Статьи из журнала «Искусство кино» - [40]
Общим местом стало утверждать, что каждый новый фильм Рязанова слабее предыдущего. Да, «Ирония судьбы», но разве сравнится Мягков со Смоктуновским — Деточкиным! Да, «Служебный роман», но ведь это не более чем перепев «Иронии»… Да, «Гараж», но какие добрые фильмы были раньше! «Жестокий романс» — что его понесло в прошлый век, снимал бы про современность! И уж на что слабы были «Дуралеи», но «Старые клячи» — это ваще!
Рязанов привычно отшучивается: критика у нас палит только по движущимся мишеням. На самом деле он относится к отрицательным мнениям очень болезненно, как всякий серьезный художник. И если он читает эту статью, на что я от души надеюсь, мне хочется сразу поздравить его с удачей.

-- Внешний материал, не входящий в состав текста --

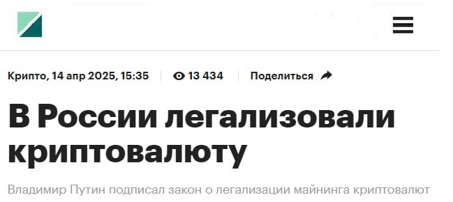 В России легализовали крипту. Ждем обвал фондового рынка Взлёт крипты неизбежен: 🟡Маск вложил в биткоин $1,5 миллиарда. 🟡Visa и Mastercard – уже начинают выпускать карты для оплаты криптой. 🟡Россия уже начала принимать оплаты биткоинами от “дружественных стран” В 2025 году ты можешь попасть в мощную волну роста. Например, недавно стрельнула монета DOGE – можно было вложить 500₽ и заработать 390.000₽. Те, кто уже колотит состояние - читают канал Андрея Котока. Потому что он шарит за политику и новости, которые шатают крипту туда-сюда. Сам продал машину и вложил 86000$, и зарабатывает стабильно по 100-200-300%. В его канале есть бесплатный курс по заработку на крипте. Доступен для первых 300 человек бесплатно. Успей записаться - https://t.me/+_T6iCUht5rZiYmMy

«Небеса обетованные» были только эскизом, подступом к нынешней картине, которую он, по собственному признанию, снимал как последнюю. Потому в «Старых клячах» сведены воедино мотивы его лучших работ. Тут и универсальная плавающая машина из «Итальянцев в России» (помните — «Осторожно, рыбку задавишь»?!). И таскание Лии Ахеджаковой за шкирку (хотя, кажется, у Рязанова не было случая, чтобы Ахеджакову кто-нибудь откуда-нибудь не вышвыривал: еще в «Иронии судьбы» Мягков выпроваживает их с Талызиной, здесь, кстати, Талызина тоже мелькнула, она теперь уборщица в офисе). Здесь же и лицемер-ворюга, обвиняющий в суде благородного жулика («Берегись автомобиля»). И множество отсылок к «Старикам-разбойникам». И военачальник Гафт из «Небес обетованных», куда он в свою очередь перекочевал из «Бедного гусара».

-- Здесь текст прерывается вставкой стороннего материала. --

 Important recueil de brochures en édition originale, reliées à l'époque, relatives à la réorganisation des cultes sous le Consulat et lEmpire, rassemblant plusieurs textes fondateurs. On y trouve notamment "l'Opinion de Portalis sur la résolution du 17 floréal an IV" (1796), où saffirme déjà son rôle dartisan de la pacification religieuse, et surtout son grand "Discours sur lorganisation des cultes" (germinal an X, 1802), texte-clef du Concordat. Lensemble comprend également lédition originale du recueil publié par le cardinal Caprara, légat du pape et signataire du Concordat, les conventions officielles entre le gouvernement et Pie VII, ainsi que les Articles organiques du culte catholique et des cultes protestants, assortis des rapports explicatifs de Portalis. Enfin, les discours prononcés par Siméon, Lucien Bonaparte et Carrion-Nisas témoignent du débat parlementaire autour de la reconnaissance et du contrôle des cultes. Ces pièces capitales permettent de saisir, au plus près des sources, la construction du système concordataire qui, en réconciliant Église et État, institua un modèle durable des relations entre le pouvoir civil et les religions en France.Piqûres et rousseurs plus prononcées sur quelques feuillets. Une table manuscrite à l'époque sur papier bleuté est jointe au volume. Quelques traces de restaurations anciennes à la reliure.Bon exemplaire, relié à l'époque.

Тем не менее «Клячи» — принципиально новое кино, уникальный случай: режиссер, никогда не числившийся в эстетах, сумел-таки нащупать небывалый жанр и осуществить прорыв, по которому так тоскует весь современный кинематограф. Мы упорно спрашиваем себя: почему наши режиссеры, пытаясь воспроизвести на экране действительность, постоянно выдают вместо нее газетные и кухонные штампы? Жизни не получается — то ли потому, что они ее не знают, то ли потому, что ее нет. Жизнь — это все-таки движение, вектор, какой-никакой смысл. Когда страна десять лет топчется на месте, не в силах определиться, отказавшись от морали и разрешая себе все больше и больше, наиболее адекватным отражением ее существования становятся какие-нибудь «Менты».
Но Рязанов — случай в нашей режиссуре необычный, своего рода чемпион по превращению слабости в силу, минусов в плюсы. Снимая сентиментальные мелодрамы, он пережимает изо всех сил — и выходят прелестные трагикомедии. В «Клячах» он принципиально отказался от логики, смысла, жизнеподобия — и снял роскошную комедию абсурда, фарс о советском сознании, с которым он всю жизнь имел дело и которое знает как никто другой.
Фильмы Рязанова вообще становятся все плакатнее, все меньше походят на реализм, и это вполне естественно, ибо к гротеску он тяготел с юности. Первый его опыт в этом роде — «Человек ниоткуда» — был совершенно справедливо разруган, поскольку, невзирая на отличные работы С.Юрского и Ю.Яковлева, отличался истинно шестидесятнической, и даже еще пятидесятнической, лобовой прямотой. Однако интенция была заявлена: Рязанову интересен гротеск, обобщение на грани плаката, пережим на грани абсурда. И чем абсурднее реальность, тем бредовее и фантастичнее становится рязановское кино. «Клячи» — уже в чистом виде сон, коллективная греза, экранизированная иллюзия. С первого кадра ясно, что все, о чем рассказывает автор, происходит в некоем условном пространстве.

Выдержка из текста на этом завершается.